Poet-turned-Dictator

May 22 2007

His poems became minor classics. They were published in anthologies and young kids would memorize his poems at school. This could almost describe any of the several well-known poets we are all familiar with today, right? Wrong! The poet I’m refering to is Stalin.

That’s right, before Stalin became the ruthless dictator, he was very interested in poetry and literature in general. According to an article published by the Guardian Unlimted, Stalin’s interest in poetry did not die down after he became a dicatator:

The poems’ romantic imagery is derivative, but their beauty lies in the rhythm and language. Poetry remained a part of Stalin’s life right up to and even during his three decades as tyrant, leading him to protect some poets and destroy others.

At the time Stalin was writing poetry, modernism was becoming en vogue among the literati.
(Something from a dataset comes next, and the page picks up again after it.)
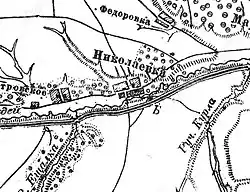 En 1874, l'arrivée du chemin de fer provoque la fusion de Nikolaïevka avec le village de Klioutchiki (où se trouve la gare)[8]. Lorsque le chemin de fer de Syzran-Vyazma est lancé en 1893, Nikolaïevka prend de l'importance[4]. Une école de zemtsvo y ouvre en 1893[9]. En 1897, Nikolaïevka (qui fait partie de la volost de Nikoulino) comprend 694 habitants[10] et en 1900, 731 habitants (366 hommes et 365 femmes)[9]. L'église Saint-Nicolas est construite au début du XXe siècle.

But the young dicatator had other theories in mind when working on his own verse:

The ex-romantic poet despised and destroyed modernism, but promoted socialist realism, his distorted version of romanticism. He knew Nekrasov and Pushkin by heart, read Goethe and Shakespeare in translation, and could recite Walt Whitman.

There’s no doubt that Stalin knew his literature. So one has to wonder why he became the dicatator that he did. I’m by no means a scholar on Stalin or even his rise to be a dictator, but I’ll guess that his personality was already pre-wired to become such a ruthless murderer and he would’ve become a dictator with or without poetry.

I guess poets are a shifty bunch! Just kidding. Seriously though, this just goes to show that literature can spread its fingers all over the world and it’s always a surprise to see who those fingers touch.